**Instructions for the task**
In the data below, set down exactly the lines from the one containing "嘉会门 外三里 净明院" up to and including the one containing "Kocaeli’nin İzmit ilçesinde". Leave the pictures out.

**Available data**
# # #
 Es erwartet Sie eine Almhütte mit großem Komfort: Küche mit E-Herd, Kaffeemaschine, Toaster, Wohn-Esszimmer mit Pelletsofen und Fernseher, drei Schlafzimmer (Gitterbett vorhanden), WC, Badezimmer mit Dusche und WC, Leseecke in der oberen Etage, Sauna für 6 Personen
# # #
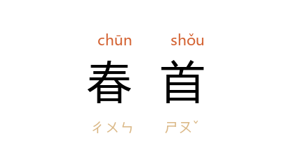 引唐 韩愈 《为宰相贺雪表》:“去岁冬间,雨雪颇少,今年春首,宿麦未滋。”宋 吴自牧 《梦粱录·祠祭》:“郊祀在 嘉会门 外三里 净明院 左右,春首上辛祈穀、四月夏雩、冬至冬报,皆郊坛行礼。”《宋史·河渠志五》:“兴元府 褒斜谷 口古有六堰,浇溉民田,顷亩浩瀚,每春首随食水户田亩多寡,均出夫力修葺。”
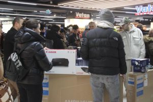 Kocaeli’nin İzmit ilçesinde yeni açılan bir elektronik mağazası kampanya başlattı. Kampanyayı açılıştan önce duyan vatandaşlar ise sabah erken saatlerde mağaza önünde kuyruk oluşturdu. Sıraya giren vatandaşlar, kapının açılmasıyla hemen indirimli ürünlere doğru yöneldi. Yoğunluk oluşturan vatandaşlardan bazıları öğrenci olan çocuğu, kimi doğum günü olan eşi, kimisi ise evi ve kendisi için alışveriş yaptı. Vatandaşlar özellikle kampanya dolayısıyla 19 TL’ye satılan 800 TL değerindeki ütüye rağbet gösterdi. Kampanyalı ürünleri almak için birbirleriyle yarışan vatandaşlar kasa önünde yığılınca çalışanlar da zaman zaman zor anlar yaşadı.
# # #
**Task answer**
 引唐 韩愈 《为宰相贺雪表》:“去岁冬间,雨雪颇少,今年春首,宿麦未滋。”宋 吴自牧 《梦粱录·祠祭》:“郊祀在 嘉会门 外三里 净明院 左右,春首上辛祈穀、四月夏雩、冬至冬报,皆郊坛行礼。”《宋史·河渠志五》:“兴元府 褒斜谷 口古有六堰,浇溉民田,顷亩浩瀚,每春首随食水户田亩多寡,均出夫力修葺。”
 Kocaeli’nin İzmit ilçesinde yeni açılan bir elektronik mağazası kampanya başlattı. Kampanyayı açılıştan önce duyan vatandaşlar ise sabah erken saatlerde mağaza önünde kuyruk oluşturdu. Sıraya giren vatandaşlar, kapının açılmasıyla hemen indirimli ürünlere doğru yöneldi. Yoğunluk oluşturan vatandaşlardan bazıları öğrenci olan çocuğu, kimi doğum günü olan eşi, kimisi ise evi ve kendisi için alışveriş yaptı. Vatandaşlar özellikle kampanya dolayısıyla 19 TL’ye satılan 800 TL değerindeki ütüye rağbet gösterdi. Kampanyalı ürünleri almak için birbirleriyle yarışan vatandaşlar kasa önünde yığılınca çalışanlar da zaman zaman zor anlar yaşadı.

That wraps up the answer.